## [Task details]
Look below for the line that contains "The morning started" and the line that contains "Pair your swimsuit", then restate both of them and every line in between, exactly. No picture goes in the copy.
════
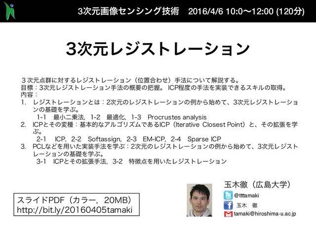 ۚ୩ ݈Ұ, 3࣍ݩ૬ࣅมͷ࠷దԽܭࢉɿ Ψεɾχϡʔτϯ๏vs.ΨεɾϔϧϚʔτ๏, 2011- CG145CVIM179-12, 2011.11. • ݪ༟وɼ৽࠺߂ਸɼۚ୩݈Ұɼ ෆۉҰͳޡࠩΛۭͭؒ σʔλ͔Βͷ3࣍ݩ૬ࣅมͷ࠷దܭࢉ, 2010-CVIM-176-15, 2011.3 • L. Dryden, K. V. Mardia, Statistical shape analysis, Wiley, 1998. • Berthold K. P. Horn. Closed-form solution of absolute orientation using unit quaternions. Journal of the Optical Society of America, Vol. 4, pp. 629–642, 1987. • Shinji Umeyama. Least-squares estimation of transformation parameters between two point patterns. IEEE Trans. on Pattern Analysis and Machine Intelligence, Vol. 13, No. 4, pp. 376–380, 1991. Toru Tamaki, Shunsuke Tanigawa, Yuji Ueno, Bisser Raytchev, Kazufumi Kaneda: "Scale matching of 3D point clouds by finding keyscales with spin images,” ICPR2010. Baowei Lin, Toru Tamaki, Fangda Zhao, Bisser Raytchev, Kazufumi Kaneda, Koji Ichii, "Scale alignment of 3D point clouds with different scales," Machine Vision and Applications, November 2014, Volume 25, Issue 8, pp 1989-2002 (2014 11). DOI: 10.1007/s00138-014-0633-2 n Keyscale n ̏࣍ݩ܈ͷେ͖͞ಛྔΛද͢εέʔϧΛ ݟ͚ͭͯͦΖ͑Δʢkeypointͷεέʔϧ൛ʣ ߶ମมͷ߹ ૬ࣅมͷ߹ &JHFOVNFZBNB pcl::registration::Transformation EstimationSVDScale
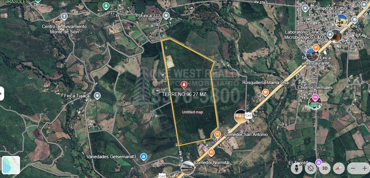 We are pleased to offer for sale an investment land parcel with a total area of 165.869 Acres, 96.27 manzanas (671,247.86 square meters or 962,776.621 varas cuadradas). The property is located in the Villas San Antonio area of Comayagua, just 8 km from Palmerola International Airport, providing it with a high strategic and commercial value.
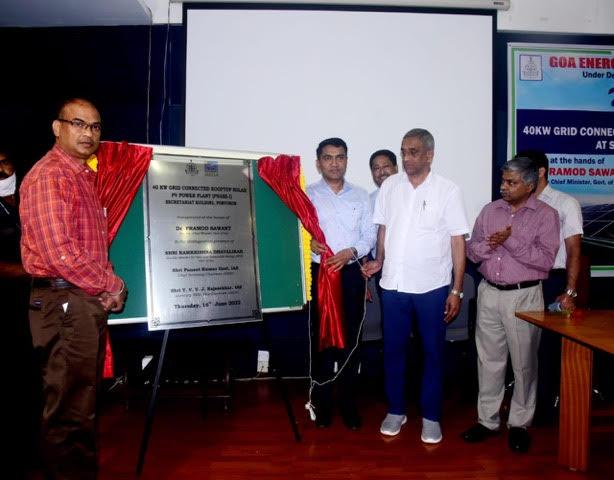 Chief Minister Dr Pramod Sawant in the presence of Minister for Power, Shri Ramkrishna Dhavlikar inaugurated the 40 Kw GRID connected Rooftop Solar PV power Plant at Secretariat Building at a function organized by Goa Energy Development Agency under Department of New and Renewable Energy Goa today at Porvorim.
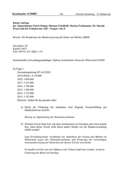Drucksache 19/10481 – 286 – Deutscher Bundestag – 19. Wahlperiode Kleine Anfrage der Abgeordneten Ulrich Oehme, Dietmar Friedhoff, Markus Frohnmaier, Dr. Harald Weyel und der Fraktion der AfD – Fragen 1 bis 8 Ressort: Die Beauftragte der Bundesregierung für Kultur und Medien (BKM) Einzelplan: 04 Kapitel: 0452 Titel: 685 61, Erl.-Ziffer 1.3.4 Institutioneller Zuwendungsempfänger: Stiftung Gedenkstätte Deutscher Widerstand (GDW) Zu Frage 1 Zuwendungsbetrag IST in EURO 2019 (SOLL): 4.139.000 2018: 3.889.000 2017: 3.555.000 2016: 1.796.000 2015: 1.760.000 2014: 1.753.000 2013: 1.747.000 (Hinweis: Zahlen für das gesamte Jahr) a) Durch die Förderung der Institution wird folgende Zweckerfüllung aus Bundesinteresse erreicht: Beitrag zur Aufarbeitung des Nationalsozialismus b) Welchen Zweck hatte bzw. hat diese Institutionen im Einzelnen und wieso konnte bzw. kann dieser Zweck nicht durch andere Stellen wie die Bundesverwaltung erfüllt werden? Laut Errichtungsstatut: wachhalten des Andenkens der Frauen und Männer im Widerstand gegen den Nationalsozialismus und Förderung der notwendigen Auseinandersetzung der Deutschen mit diesem Teil der Geschichte Es handelt sich hier um eine Stiftung in der Trägerschaft eines Landes, an deren Förderung der Bund sich beteiligt.
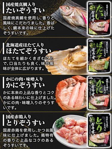 【こだわりの食材を使用】国内産のお米に組み合わせる食材ひとつひとつにこだわりを持って厳選しました。やさしい味つけでありながらも鶏や魚介の旨味を引き出した素材本来の味を楽しめるお粥となっております。ぞうすいシリーズでは特に国産食材にこだわっており、鯛やホタテ、カニなど高級感ある食材を使用し上品に仕上げました。
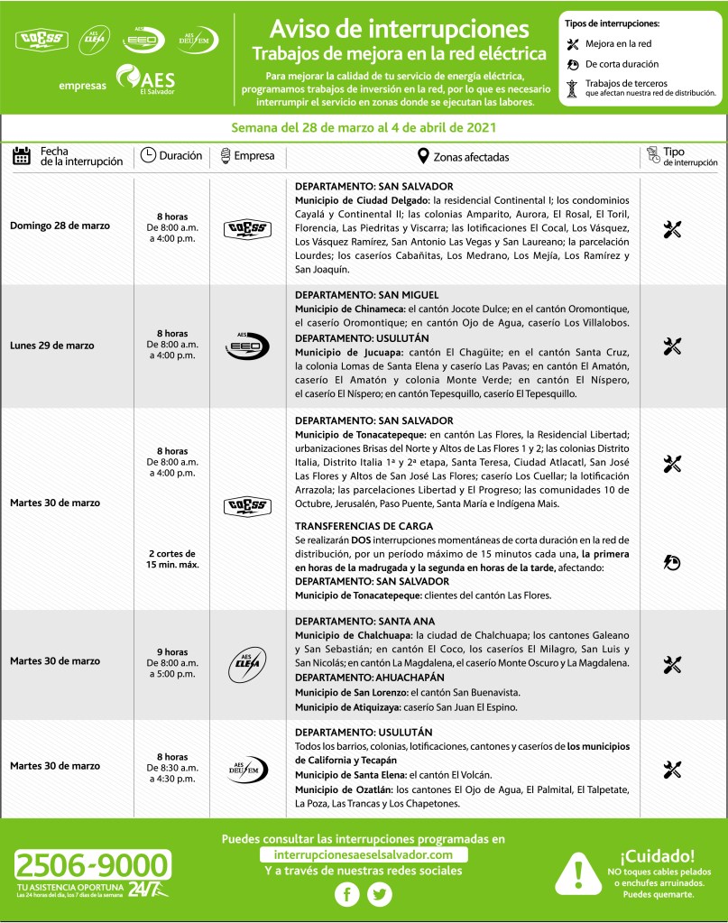 Interrupciones programadas del 28 de marzo al 4 de abril 26 marzo, 202125 marzo, 2021 aeselsalvador descargue-interrupciones-programadas-del-28-de-marzo-al-4-de-abrilDescarga Comparte: Compartir en X (Se abre en una ventana nueva) X Comparte en Facebook (Se abre en una ventana nueva) Facebook Me gusta Cargando... Interrupciones programadas del 28 de marzo al 4 de abril
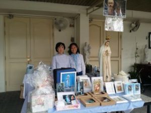 The morning started sluggishly after the 8a.m. Mass, but became more vibrant after the 10a.m. Service. Items popular with parishioners were the MI’s Fatima 100th Anniversary luggage tags, Our Lady’s bookmarks and the 2 books, “What Jesus owes to His Mother” and “Meditations on the mysteries of the Rosary,” recommended by Fr Wailliez in his homilies. There were also a few generous donations.
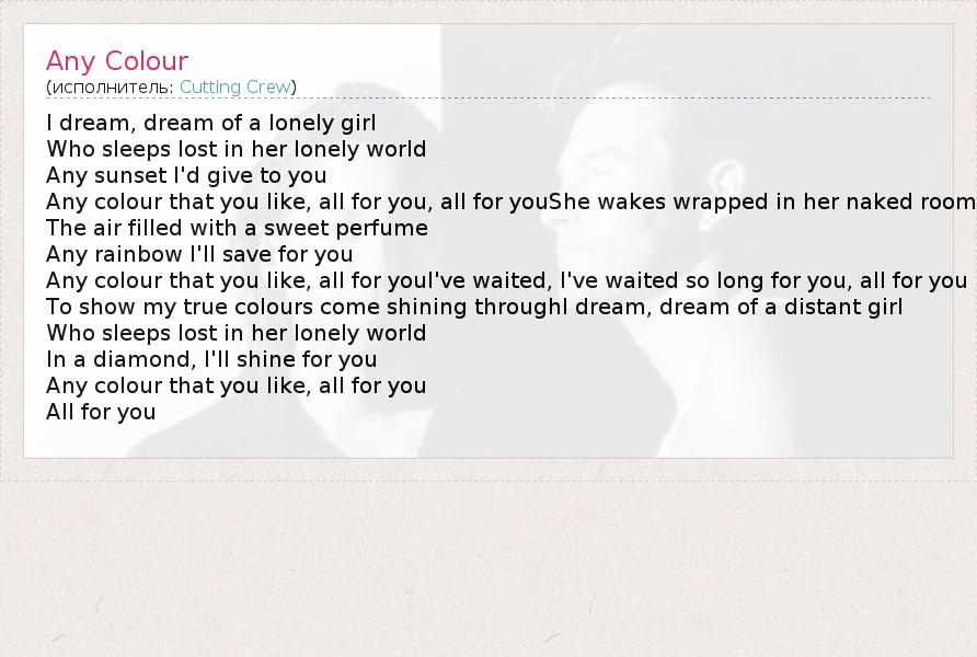 Any colour that you like, all for youI've waited, I've waited so long for you, all for you
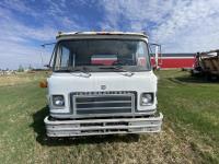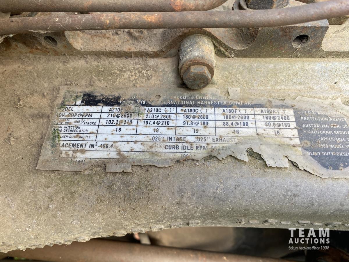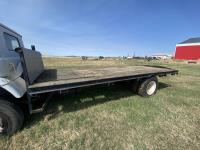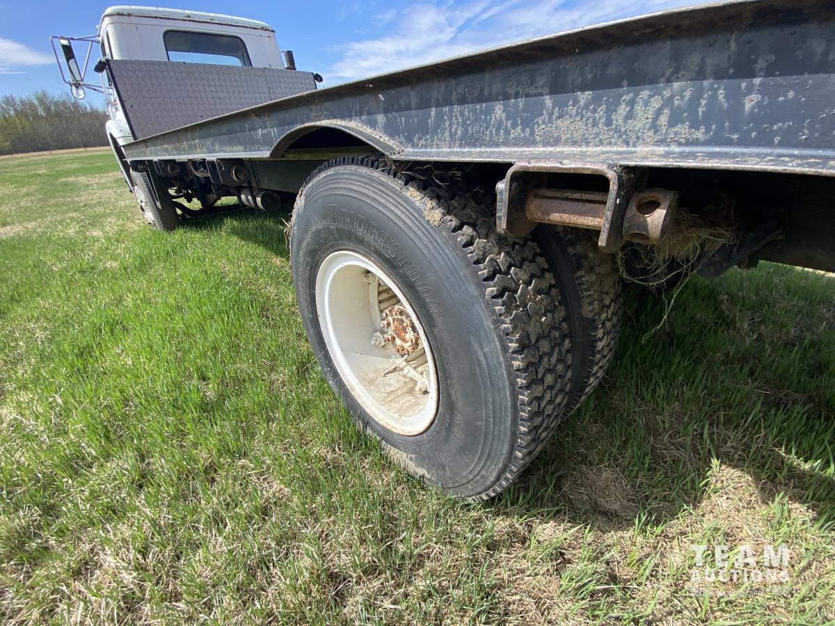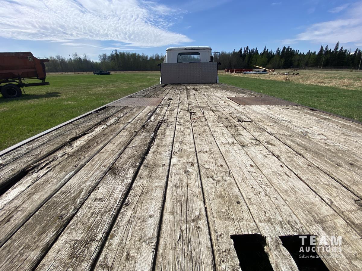 International 466 6 cylinder diesel engine, manual 5X2 transmission, 96 inch x 19 ft 8 inch deck, spring suspension, 182 inch WB, 9.00R20 front tires, 10.00R20 rear tires
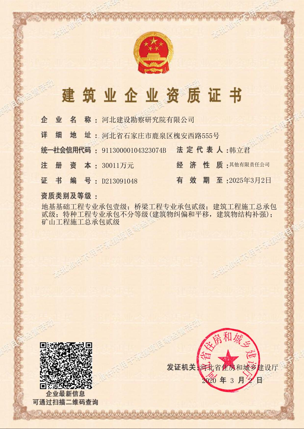 公司于2020年3月2日取得了建筑工程施工總承包貳級資質證書,可承擔下列建筑工程的施工:(1)高度100米以下的工業、民用建筑工程;(2)高度120米以下的構筑物工程;(3)建筑面積15萬平方米以下的建筑工程;(4)單跨跨度39米以下的建筑工程。
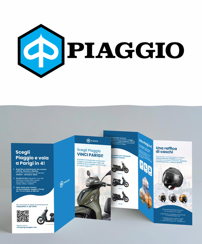 Sviluppare un concorso a supporto del canvass di vendita Scooter Piaggio, incrementando awareness, traffico nei touchpoint commerciali e intenzione d’acquisto, con una meccanica ingaggiante a sostegno della conversione.
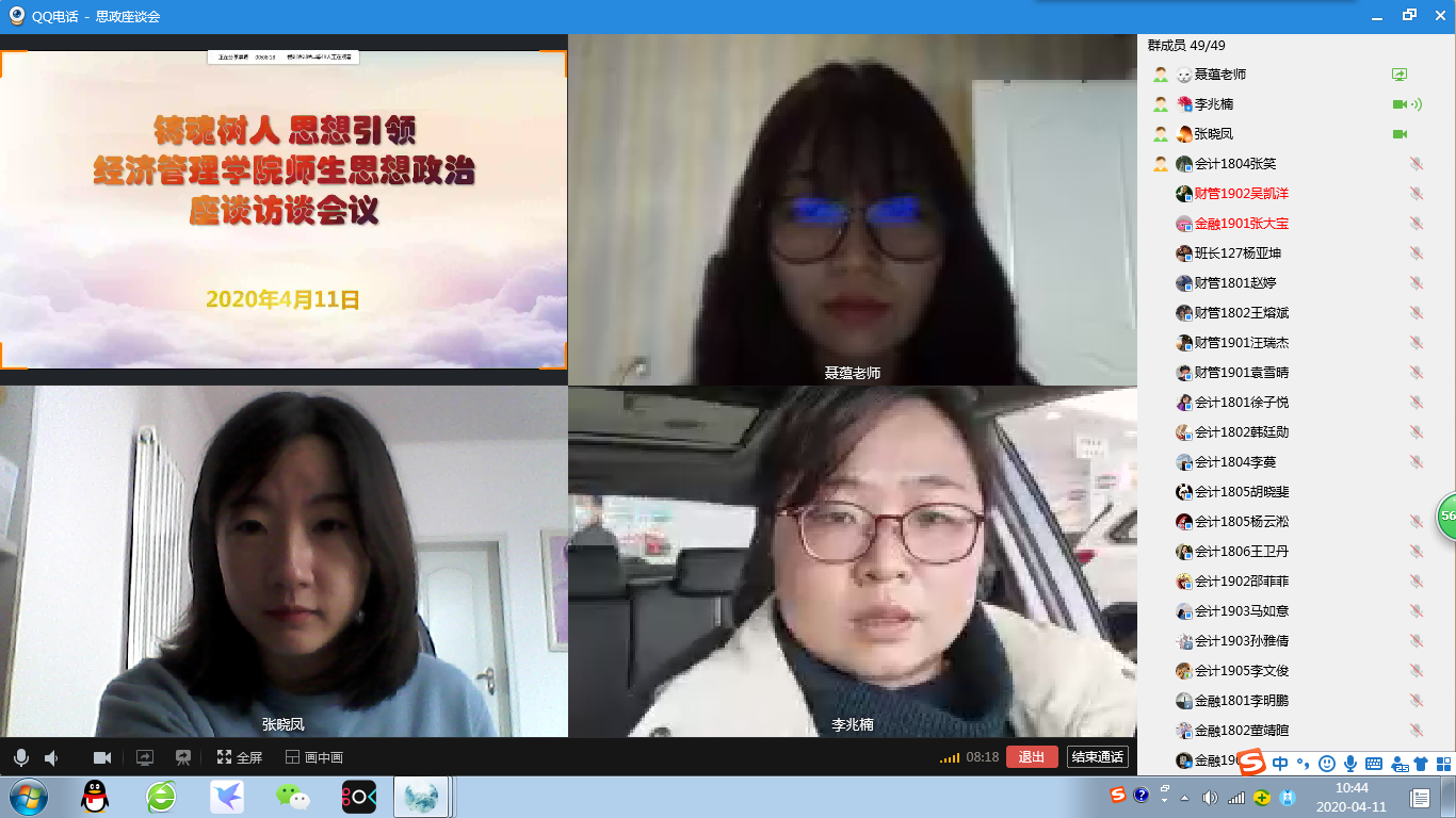 学院党总支副书记李兆楠老师、学院办公室主任张晓凤老师出席此次线上会议,会议由学院团总支书记聂蕴老师主持,与会的还有各年级各班级的学生代表。
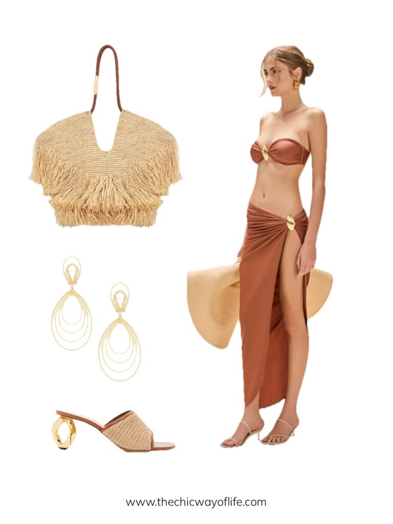 Pair your swimsuit with a coordinating long sarong, elevate with heeled sandals (hello, poolside glamour!), and carry your tote. This elegant combination works beautifully for upscale beach clubs!
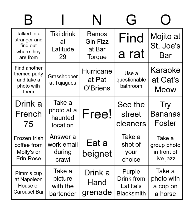 This bingo card has a free space and 24 words: Answer a work email during crawl, Take a picture with the bartender, Hurricane at Pat O'Briens, Pimm's cup at Napoleon House or Carousel Bar, Mojito at St. Joe's Bar, Talked to a stranger and find out where they are from, Find another themed party and take a photo with them, Tiki drink at Latitude 29, See the street cleaners, Eat a beignet, Use a questionable bathroom, Drink a French 75, Take a shot of your choice, Take a group photo in front of live jazz, Grasshopper at Tujagues, Purple Drink from Lafitte's Blacksmith, Try Bananas Foster, Ramos Gin Fizz at Bar Torque, Karaoke at Cat's Meow, Take a photo at a haunted location, Take a photo with a cop on a horse, Frozen Irish coffee from Molly's or Erin Rose, Find a rat and Drink a Hand grenade.
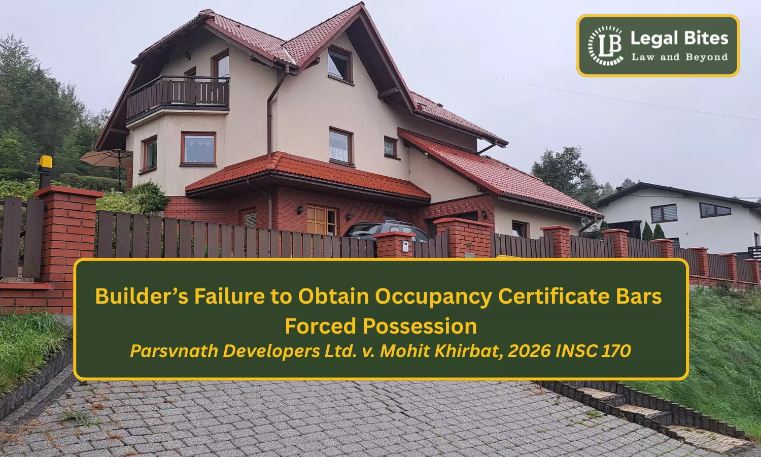 The Supreme Court of India in Parsvnath Developers Ltd. v. Mohit Khirbat (2026), delivered a landmark ruling that conclusively settled a recurring issue in Indian real estate disputes. The Court held that a builder cannot compel a homebuyer to take possession of a flat without first obtaining a valid Occupancy Certificate.
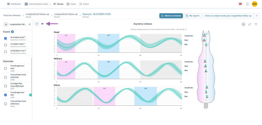 Find the exam for which you wish to download the videos by going to the exams tab or by going to the horses tab and then exams on the horse page. Once you are on the exam data screen, select the condition you are interested in and click on the video logo at the top left of the data.
════
## [Solved exercise]
 The morning started sluggishly after the 8a.m. Mass, but became more vibrant after the 10a.m. Service. Items popular with parishioners were the MI’s Fatima 100th Anniversary luggage tags, Our Lady’s bookmarks and the 2 books, “What Jesus owes to His Mother” and “Meditations on the mysteries of the Rosary,” recommended by Fr Wailliez in his homilies. There were also a few generous donations.
 Any colour that you like, all for youI've waited, I've waited so long for you, all for you
 International 466 6 cylinder diesel engine, manual 5X2 transmission, 96 inch x 19 ft 8 inch deck, spring suspension, 182 inch WB, 9.00R20 front tires, 10.00R20 rear tires
 公司于2020年3月2日取得了建筑工程施工總承包貳級資質證書,可承擔下列建筑工程的施工:(1)高度100米以下的工業、民用建筑工程;(2)高度120米以下的構筑物工程;(3)建筑面積15萬平方米以下的建筑工程;(4)單跨跨度39米以下的建筑工程。
 Sviluppare un concorso a supporto del canvass di vendita Scooter Piaggio, incrementando awareness, traffico nei touchpoint commerciali e intenzione d’acquisto, con una meccanica ingaggiante a sostegno della conversione.
 学院党总支副书记李兆楠老师、学院办公室主任张晓凤老师出席此次线上会议,会议由学院团总支书记聂蕴老师主持,与会的还有各年级各班级的学生代表。
 Pair your swimsuit with a coordinating long sarong, elevate with heeled sandals (hello, poolside glamour!), and carry your tote. This elegant combination works beautifully for upscale beach clubs!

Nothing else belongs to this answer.